Many noirs did not intentionally set out to create a film that belonged to a particular genre but rather were simply reflecting the pessimistic mood of the moment. Post-war America is often thought of in the context of a booming consumer-driven era of convenience and a refuge of smooth suburban similarity.
In reality, the years that immediately followed the Second World War were marked by housing shortages, inflation, unemployment and other hardships faced by returning veterans. Many of these veterans suffered from heir own untreated physical and psychological fractures as well.

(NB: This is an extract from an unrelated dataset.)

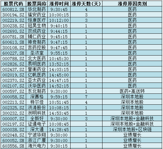 1.医药:药品管理法鼓励支持创新药+新医保目录发表,华北制药、福安药业、恒康医疗、冠昊生物、双成药业、辅仁药业、神奇制药、吉药控股等涨停。
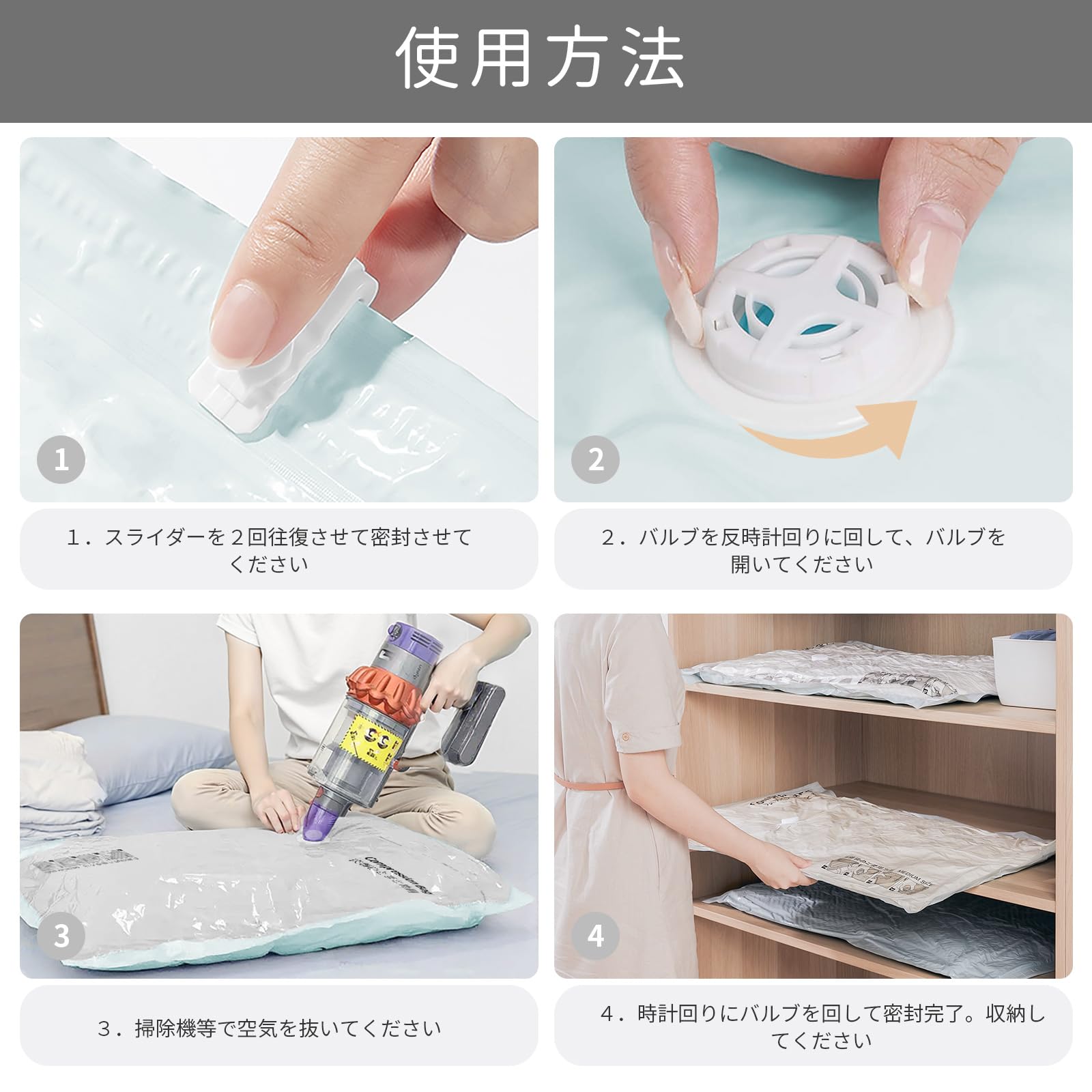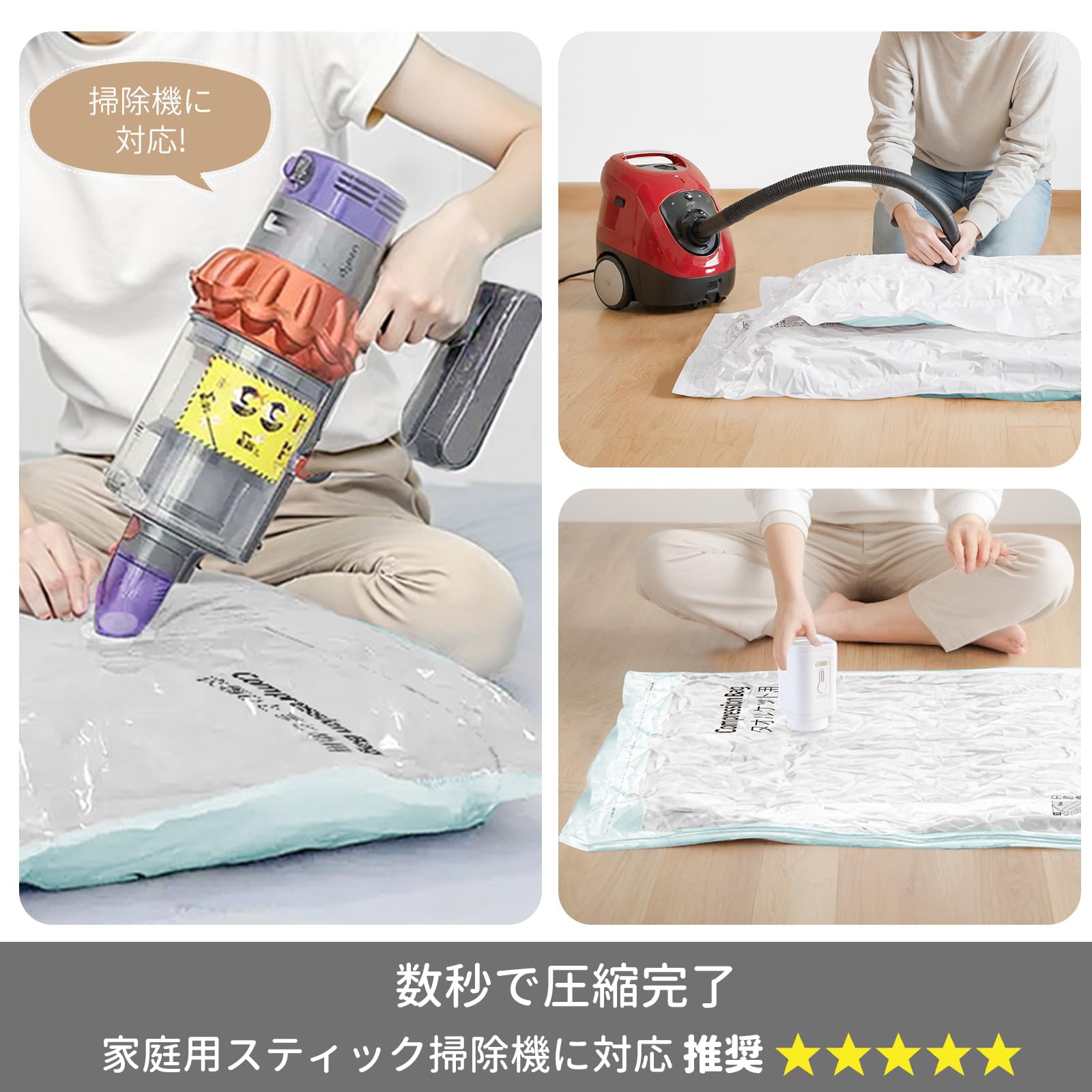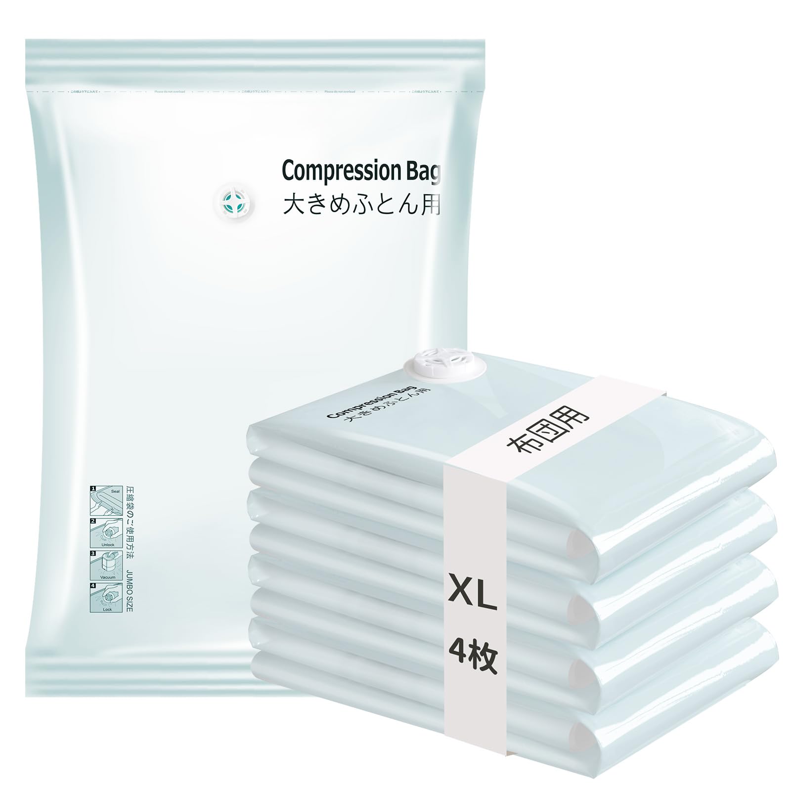 布団圧縮袋 真空収納 特大サイズ 4 点セット120×80cm×4 掃除機対応 省スペース・難損傷 ほこり防止・湿気防止・カビ防止・ダニ防止 厚手リピート使用 厚布団向け 自宅/季節替え用

Noir stories of the time frequently dealt with crime capers gone wrong, scams, frauds and femme fatales that led weak men to their doom. One noir however that dealt with explicitly working-class issues was Thieves’ Highway (1949) starring Richard Conte in perhaps his finest role.
The film concerns the character Nick Garcos, played by Conte, who seeks to avenge the injured pride as well as the physical infirmity of his father. Upon returning home to California from a long sea voyage, ship’s mechanic Nick bursts into the family home laden with gifts that reflect his trips to far away locales. The joy is soon reduced to sorrow when he discovers that his immigrant father has been confined to a wheelchair, following a crippling accident involving trucking produce to market.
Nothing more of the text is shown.